While I am very pleased that there are more and more mainstream institutions that are committing themselves to preserving our history, I have a special affection for our community-based archives. They remain near and accessible to the community they are a part of and that they exist to serve. Creating and sustaining them are themselves acts of community building. And the materials that they house very much reflect that intimate connection to the local. Much of what is housed in these archives are not the records of the rich and the famous, the big headline-makers. Instead, LGBT archives tend to have the materials of local activists and community members, people whose work and lives may not have captured the attention of Fox News or The New York Times, but whose lives and actions make up the substance of the past. Many of the books that have been written on queer history over the last two decades might not have been possible without the existence of these community institutions and the stories contained in their many shelves of acid-free boxes.

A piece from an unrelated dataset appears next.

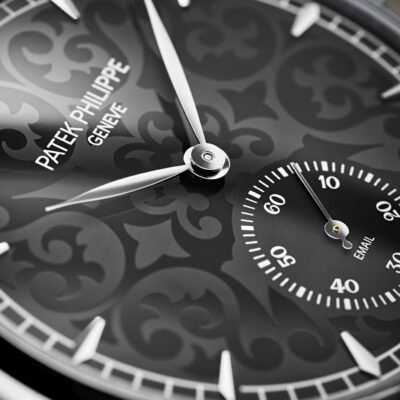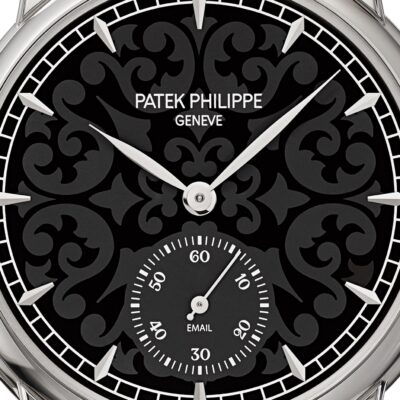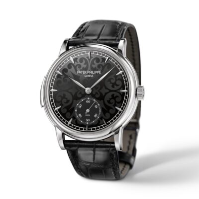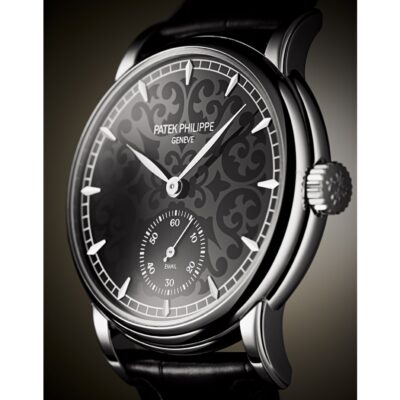 Unworn Luxury Patek Philippe Grand Complication watch, 38mm, with classic gongs, 18k White Gold case, Reference 5078G-010. This model has Black enamel with matte and shiny finishes dial. It features 18k White Gold Breguet hands leaf-shaped, large applied polished Breguet 18k White Gold Arabic numerals hour markers and small seconds at 6 o’clock. Minute markers around the outer rim. 18k White Gold crown with ribbed edge for comfortable grip and logo Patek Philippe. The dial closed by a Scratch-resistant Sapphire Crystal and sapphire-crystal case back (also accompanied by interchangeable). The watch is equipped fixed polished 18k White Gold bezel. The watch Patek Philippe Calibre R 27 PS Self-winding mechanical movement, containing 39 Jewels, and has a power reserve of min. 43 hours – max. 48 hours. This model presented on shiny chocolate brown Alligator strap with square scales, hand-stitched and 18k White Gold fold-over clasp. Humidity and dust protected only (not water-resistant).

The Gerber/Hart Library and Archives in Chicago is one of those community-based institutions. Founded in 1981, it came into being in part through the work of Gregory Sprague, a graduate student and activist who began doing research in the 1970s on queer Chicago history and who was part of the early national network of folks exploring LGBT history. While Gerber/Hart contains material from the Midwest generally, especially periodicals, the heart of its archival collection consists of the personal papers and organizational records generated in the greater Chicago area. Some collections are small, consisting of a single acid-free box; others are massive, spanning half a century and filling over a hundred boxes. The overwhelming majority of the collections contain materials from the 1960s forward, but there are a few that reach back into the earlier decades of the twentieth century.

Lately, I’ve been spending a couple of afternoons a week exploring some of these collections, trying to get a sense of the range of material and what it can reveal. Call me a history nerd, but there is something very exciting about finding a document that suddenly gives me a new understanding of where we’ve come from and how we’ve gotten here. For all the research and writing I have done, there is still much to be found that will make me smarter, make me grasp the world around me better, and help me think better about how to make change in the world.

Over the next months, I plan to share in occasional blog posts discoveries that I’ve stumbled upon in the Gerber/Hart archives. Its collections are rich, and making them more visible hopefully will spur more people to use them. Plus, I hope you’ll learn some new and surprising and fascinating things about our LGBT past. And, I also hope that folks from other community-based archives will do some blogging on OutHistory about their collections.

John D’Emilio is a Director of OutHistory.org and Professor Emeritus of History at the University of Illinois Chicago.